### WORK REQUEST
Keeping every word the same, give again only the lines from the one with "I was reading" through the end of the data, both included, and leave every picture out.

### SOURCE DATA
********

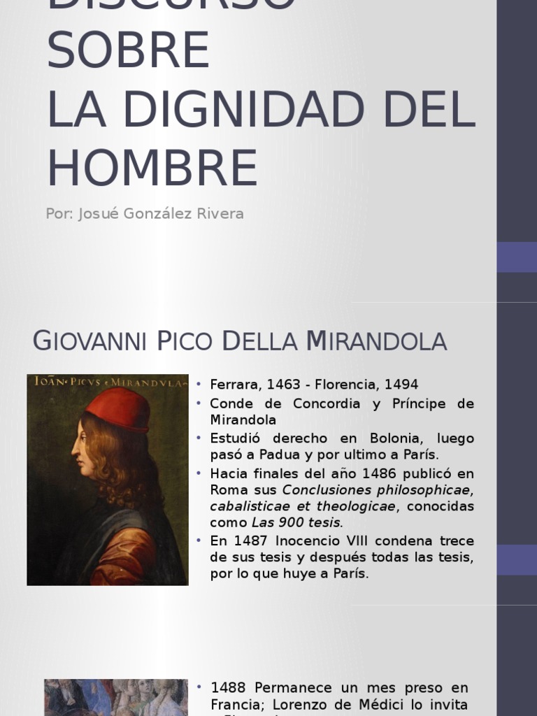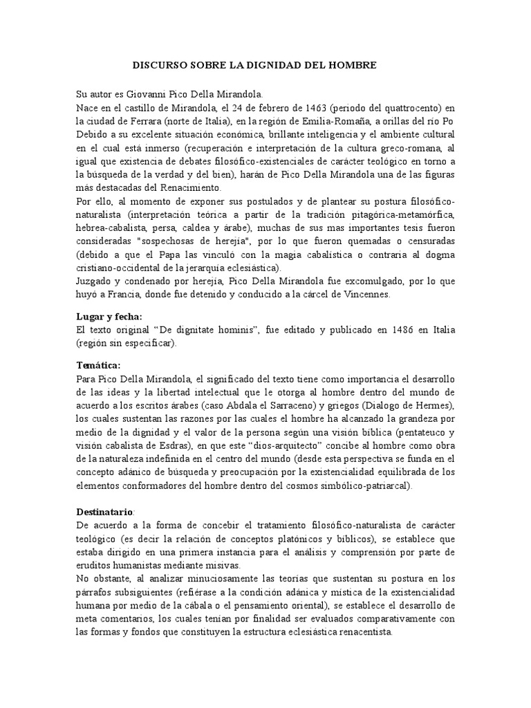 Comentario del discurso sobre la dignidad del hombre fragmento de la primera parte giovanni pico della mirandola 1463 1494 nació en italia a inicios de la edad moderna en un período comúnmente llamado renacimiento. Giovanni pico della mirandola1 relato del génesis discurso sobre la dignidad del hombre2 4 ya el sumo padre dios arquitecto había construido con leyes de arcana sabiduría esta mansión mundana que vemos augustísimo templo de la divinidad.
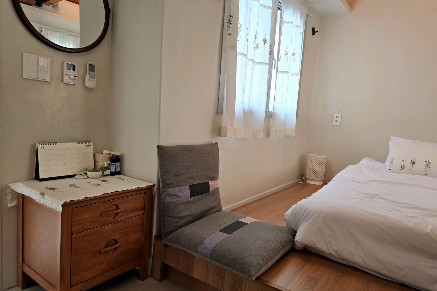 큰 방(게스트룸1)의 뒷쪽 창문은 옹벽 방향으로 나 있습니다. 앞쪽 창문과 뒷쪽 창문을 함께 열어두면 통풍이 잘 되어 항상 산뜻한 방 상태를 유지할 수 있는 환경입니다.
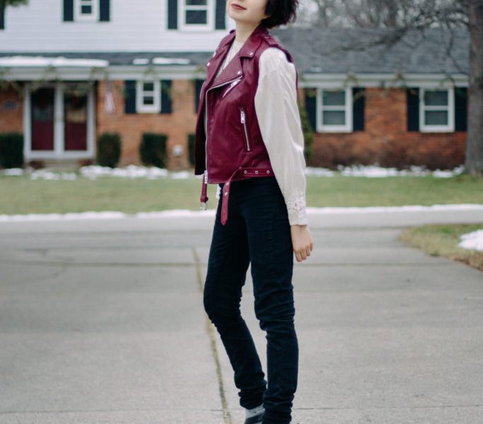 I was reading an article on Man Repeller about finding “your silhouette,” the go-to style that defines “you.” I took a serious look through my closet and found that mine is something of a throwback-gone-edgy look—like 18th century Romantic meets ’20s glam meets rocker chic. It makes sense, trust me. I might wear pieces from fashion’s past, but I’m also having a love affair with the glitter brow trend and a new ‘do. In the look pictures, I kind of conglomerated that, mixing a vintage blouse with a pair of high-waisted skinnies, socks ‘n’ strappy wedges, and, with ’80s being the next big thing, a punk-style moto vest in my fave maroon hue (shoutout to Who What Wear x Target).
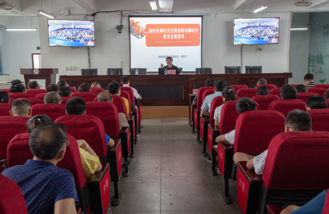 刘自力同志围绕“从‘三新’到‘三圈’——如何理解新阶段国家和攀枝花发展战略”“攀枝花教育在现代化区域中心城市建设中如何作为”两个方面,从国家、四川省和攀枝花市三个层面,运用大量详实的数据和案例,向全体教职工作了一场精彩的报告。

********

### ANSWER BELOW
 I was reading an article on Man Repeller about finding “your silhouette,” the go-to style that defines “you.” I took a serious look through my closet and found that mine is something of a throwback-gone-edgy look—like 18th century Romantic meets ’20s glam meets rocker chic. It makes sense, trust me. I might wear pieces from fashion’s past, but I’m also having a love affair with the glitter brow trend and a new ‘do. In the look pictures, I kind of conglomerated that, mixing a vintage blouse with a pair of high-waisted skinnies, socks ‘n’ strappy wedges, and, with ’80s being the next big thing, a punk-style moto vest in my fave maroon hue (shoutout to Who What Wear x Target).
 刘自力同志围绕“从‘三新’到‘三圈’——如何理解新阶段国家和攀枝花发展战略”“攀枝花教育在现代化区域中心城市建设中如何作为”两个方面,从国家、四川省和攀枝花市三个层面,运用大量详实的数据和案例,向全体教职工作了一场精彩的报告。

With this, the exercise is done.